17th November 2020
So you have been operating via your limited company for a while now. Life happens, and you need access to a certain amount of cash for a while (we will talk about the amount later). Your company has enough in reserves to supply the funds, but how do you go about taking a loan and what are the rules?
What is a director’s loan, and why would you take one from your own company?
We talk about a director’s loan when you receive money from your company that is not a salary, a dividend or funds that you have previously introduced into the company. You also have to have an intention to repay the loan; otherwise, it will be considered a dividend, which will, of course, have personal tax implications.
Taking a loan from your own company has multiple advantages. There is no credit check involved, you can access the funds quickly, and if the loan is below the £10,000 threshold, then there is no potential benefit-in-kind issue to consider.
How do you record a loan?
Once you have withdrawn the required funds by transferring it from the business account to your personal one, your accountant will record it in your accounts in the director’s loan account. It will be shown on the balance sheet amongst other debtors at the end of the financial year.
Every time you make a repayment, inform your accountant, and they will reduce the balance.
Do you need to pay any interest?
As long as the amount is below £10,000, it is not a beneficial loan; however, if you go above this amount, then you may have to pay HMRC’s official interest rate for beneficial loans. It is 2.5% (currently) and is chargeable for the entire duration of time when the loan exceeded the £10K limit.
By paying this interest, you avoid a taxable benefit-in-kind.

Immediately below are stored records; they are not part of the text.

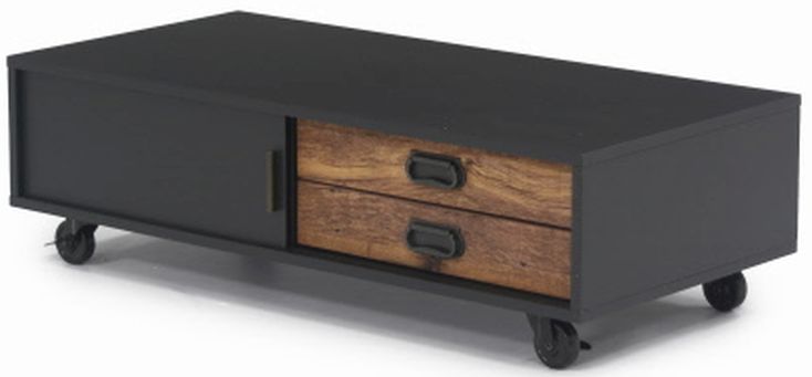 Enhance the look of your living room space with this coffee table from the Boulevard Café collection. This mid-century inspired table offers a spacious tabletop surface that is the perfect place for you to set your cup of coffee, the morning newspaper, display home décor, or to kick your feet up on while you sit back and relax. It features two easy gliding storage drawers that are ideal for stashing away board games, movies, coasters and other around home essentials. It also includes hidden storage behind the sliding door along with cubbyhole storage for all your additional storage needs. Its easy-roll, locking casters give it the ability to move wherever you feel it fits best. Finished on all sides in Black with Vintage Oak accents, this handsome coffee table gives your home the functionality that you need with the style that you have always wanted.
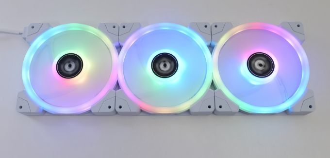 Gerade beim Einsatz mehrerer Gehäuse- oder Radiatorenlüfter nebeneinander machen die SWAFAN EX14 RGB optisch eine hervorragende Figur. Das gilt auch deshalb, weil Thermaltake schwarze und weiße Varianten anbietet und für eine intensive Beleuchtung des Lüfterrahmens und der Rotorblätter sorgt. Weil der Hersteller zur Anbindung auf einen speziellen Pfostenstecker setzt, wird zur Steuerung der Lüfter und der Beleuchtung aber zwingend ein Controller und die TT RGB PLUS-Software benötigt. Der Controller ist bei den ausschließlich erhältlichen Triple-Packs Teil des Lieferumfangs. Trotzdem wäre die Kombination aus PWM- und A-RGB-Kabel mit Standardanschluss natürlich flexibler.
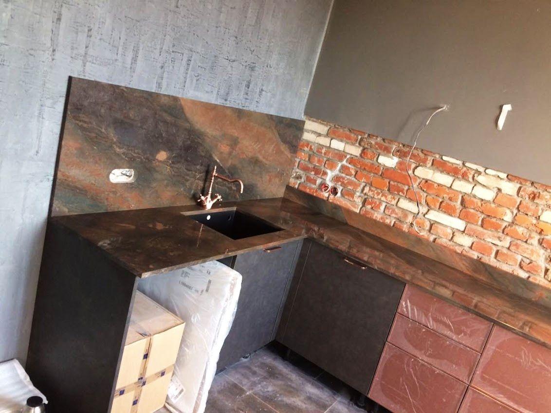 Этот проект мы выполняли для заказчиков из Минска. Владельцы новой квартиры, оформленной в стиле лофт, настолько загорелись самобытным рисунком кварцита, что готовы были ждать его доставки из Санкт-Петербурга.
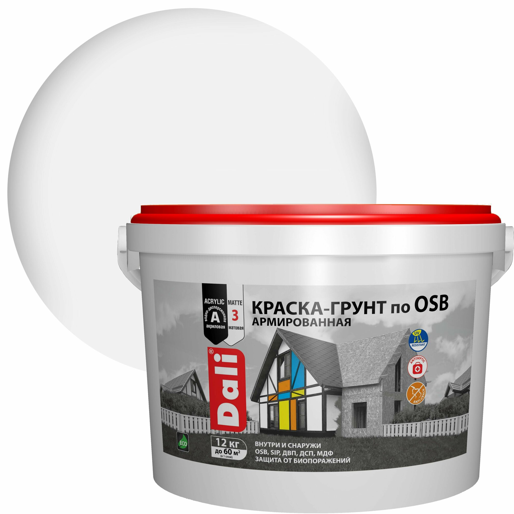 Купить Краска-грунт по OSB Dali, армированная, матовая, база A, белая, 12 кг
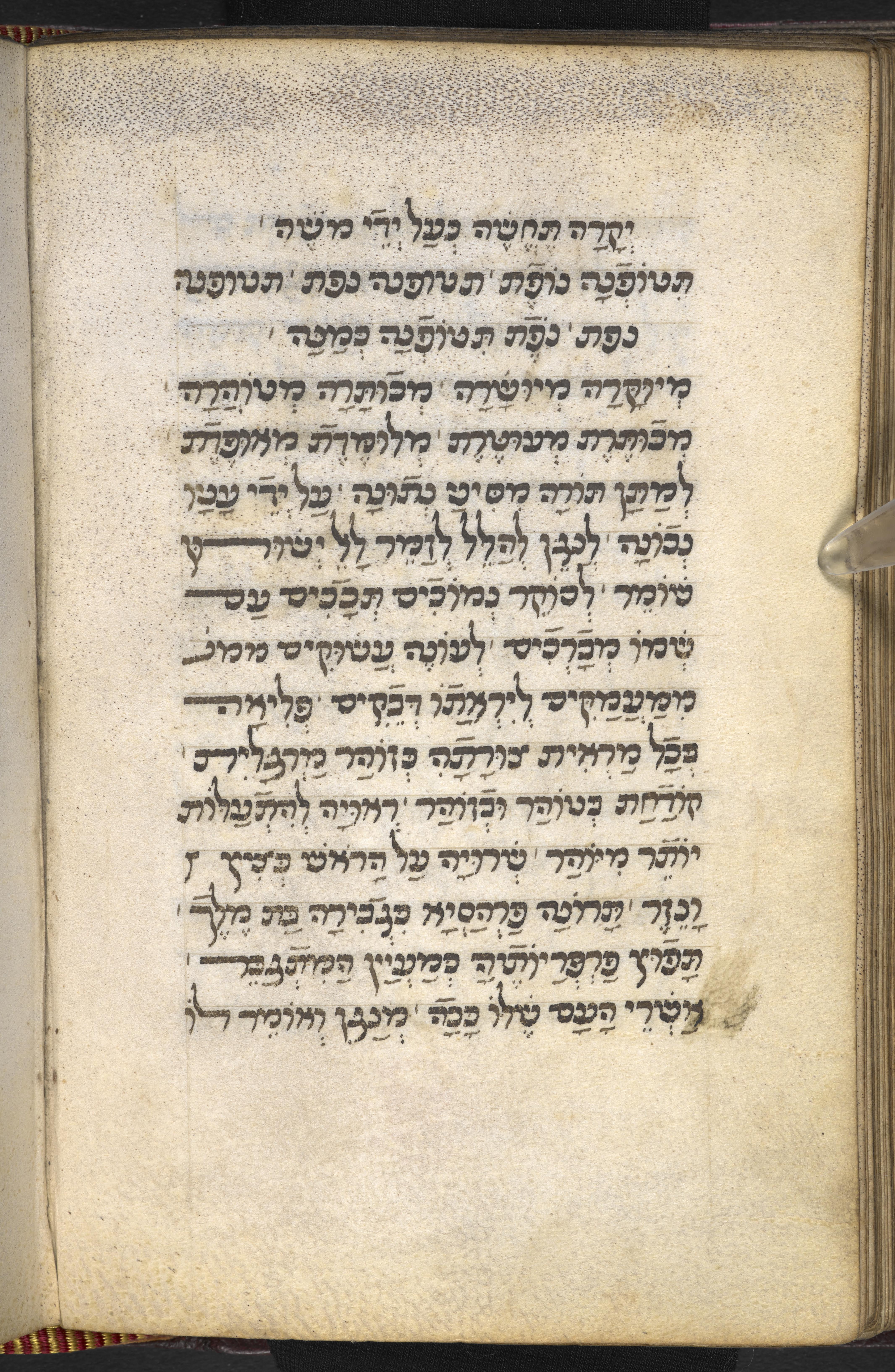 - A note of ownership of the Supino family (Mishpaḥat bet ha-ne῾arim Supino): folio 1v.
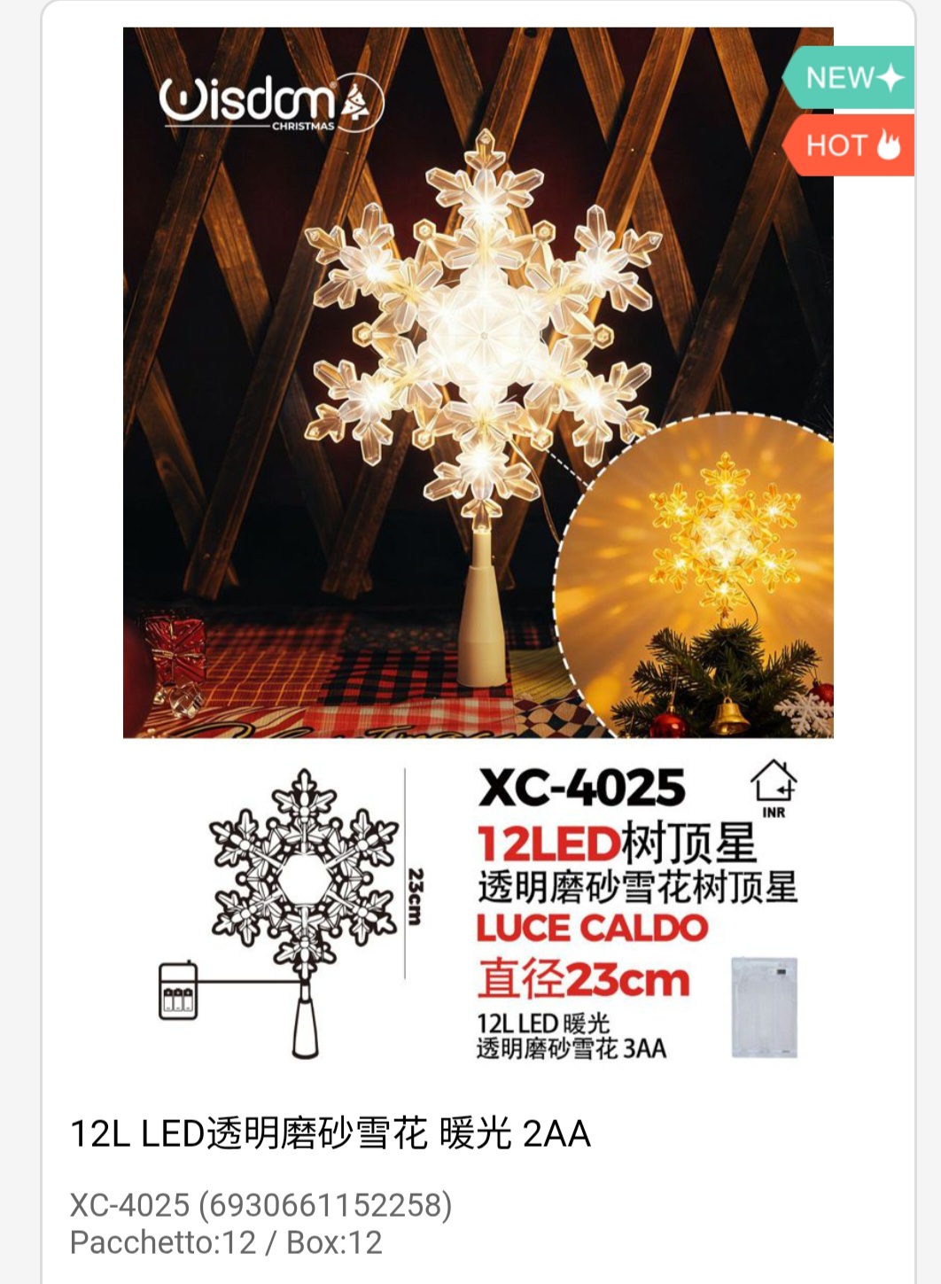 Puntale luminoso a forma fiocco di neve per albero di Natale luce 12 LED calda fissa dimensione 23cmH alimentazione a batteria

The value of the benefit is the interest you avoid paying by borrowing from your company, rather than a high-street lender.
What about taxes?
If you repay the loan within nine months from the financial year it was taken out then you are in the clear; otherwise you’ll have to pay 32.5% tax on it. Fortunately, the tax is recoverable once the loan is fully repaid. Unfortunately, the interest is not recoverable, however.
What is “bed and breakfasting”?
No, this is not turning into a tourism blog; we are talking about repaying a loan to then taking another one out within 30 days. HMRC will consider the original amount as still outstanding and the new amount as additional loan. On higher loans above £15K, this period may be extended further.
What do you need to be careful of?
Any director’s loan written off will have tax implications, so be sure you discuss it with your accountant before deciding.
HMRC – They monitor director’s loan accounts, especially the ones that are above £10,000 and ones that have been outstanding for a while (see bed and breakfasting rule above).